A plate heat exchanger arrangement according to the present invention may also comprise more than three plate packs, wherein at least a first plate pack has a diameter greater than other plate packs. The present invention is not only limited to above described arrangements which comprise two or three different sized plate packs. A plate heat exchanger arrangement may also comprise plate packs with similar size, but the present invention is based on at least two different sized plate packs arranged adjacent to each other inside the same common outer casing, and hence providing more space to arrange inlet/outlet connections of the plate pack with the greater diameter to the same end plate of the outer casing as the inlet and outlet connections of the plate pack with smaller diameter.
The plate packs according to the invention may comprise a different amount of the plate pairs. The plate packs may be dimensioned on the basis of the requirement of an application.
A plate heat exchanger arrangement according to the invention comprises an inlet connection and an outlet connection for each plate pack, which connections are connected with the flow channels of said plate pack. The primary circuit of the plate pack is thus formed between the inlet and outlet connection of said plate pack. The inlet and outlet connections of the secondary circuit are arranged through the outer casing in connection with the inner side of the outer casing, in the spaces between the plate pairs.
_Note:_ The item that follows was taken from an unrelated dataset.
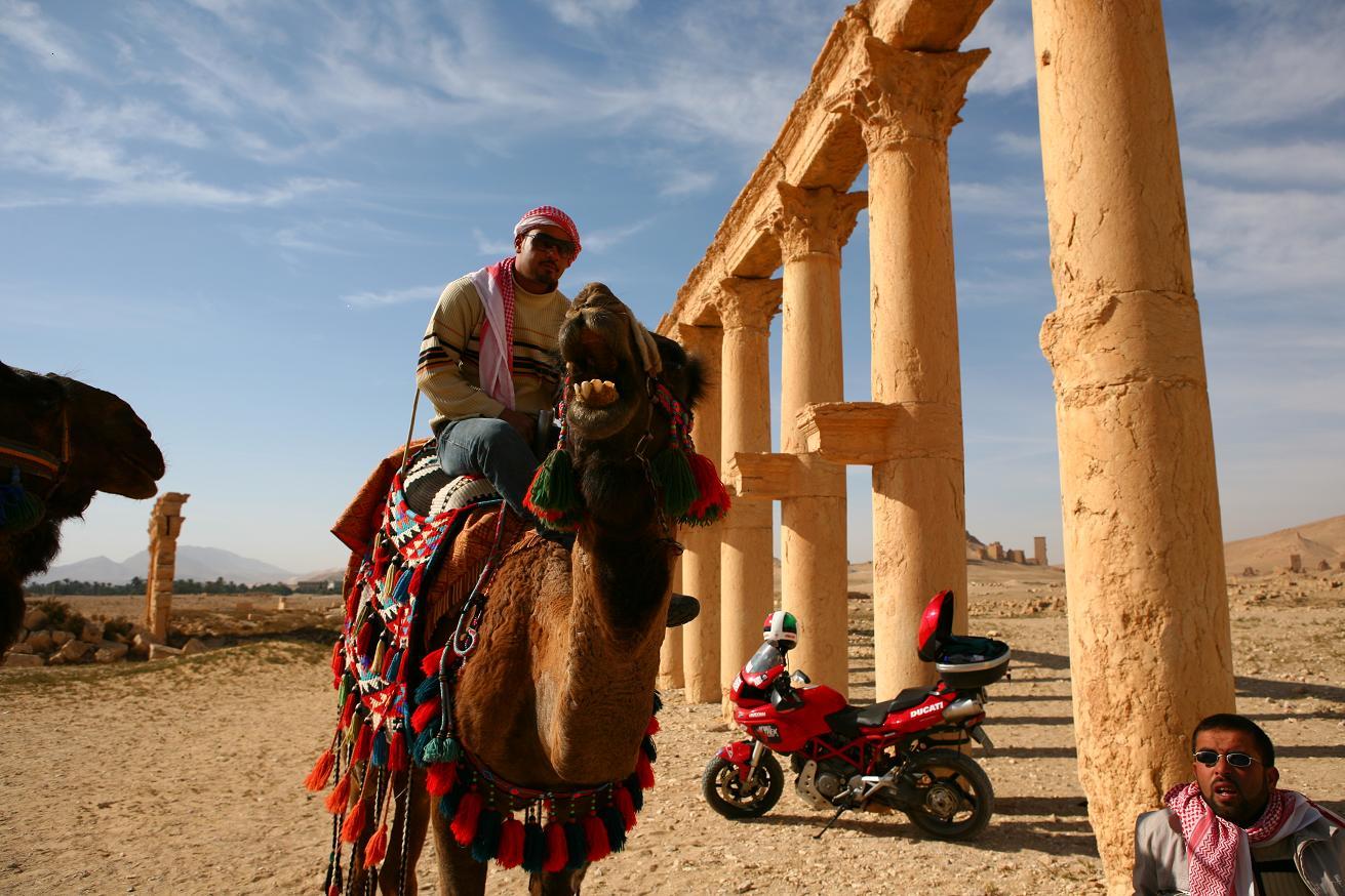 Giovedi 29/11/2007 siamo andati a Damasco (N 33 30,554' E 36 17,730") seguendo la strada che costeggia il confine con l'Iraq. Li' abbiamo ritrovato per caso George e con lui altri tre motociclisti. Ora in tutto siamo in 8, da 8 paesi diversi e ciascuno con le proprie storie da raccontare. Werner (Germania) e Michael (USA) vanno a Dubai attraverso l'Etiopia. Chris (Francia) e Kevin (Australia) arrivano dalla Thailandia e ancora non sanno bene dove andare. Tom (Canada) e George (UK) fanno quasi il nostro stesso percorso fino a Citta' del Capo, ma con tempi diversi.

Typically, the primary circuits of the plate packs and the secondary circuit are separate from each other, i.e. the heat exchange medium flowing in the inner part of a plate pack cannot get mixed with the heat exchange medium flowing in the outer casing and with the heat exchange medium flowing in the inner part of another plate pack.
In a plate heat exchanger arrangement of the invention, an inlet and an outlet connection of the first plate pack are arranged to be in connection with the flow passages of the first plate pack. An inlet and outlet connection comprise a connection tube, which is arranged through an end plate of the outer casing and connected with the flow passages of the plate pack. An inlet and outlet connection of the second plate pack, which are arranged to be in connection with the flow passages of the second plate pack, comprises a connection tube, which are arranged through an end plate of the outer casing and connected with the flow passages of the plate pack. Correspondingly, according to an embodiment of the invention a third plate pack comprises an inlet and outlet connections comprising a connection tube, which are arranged through an end plate of the outer casing and connected with the flow passages of the third plate pack.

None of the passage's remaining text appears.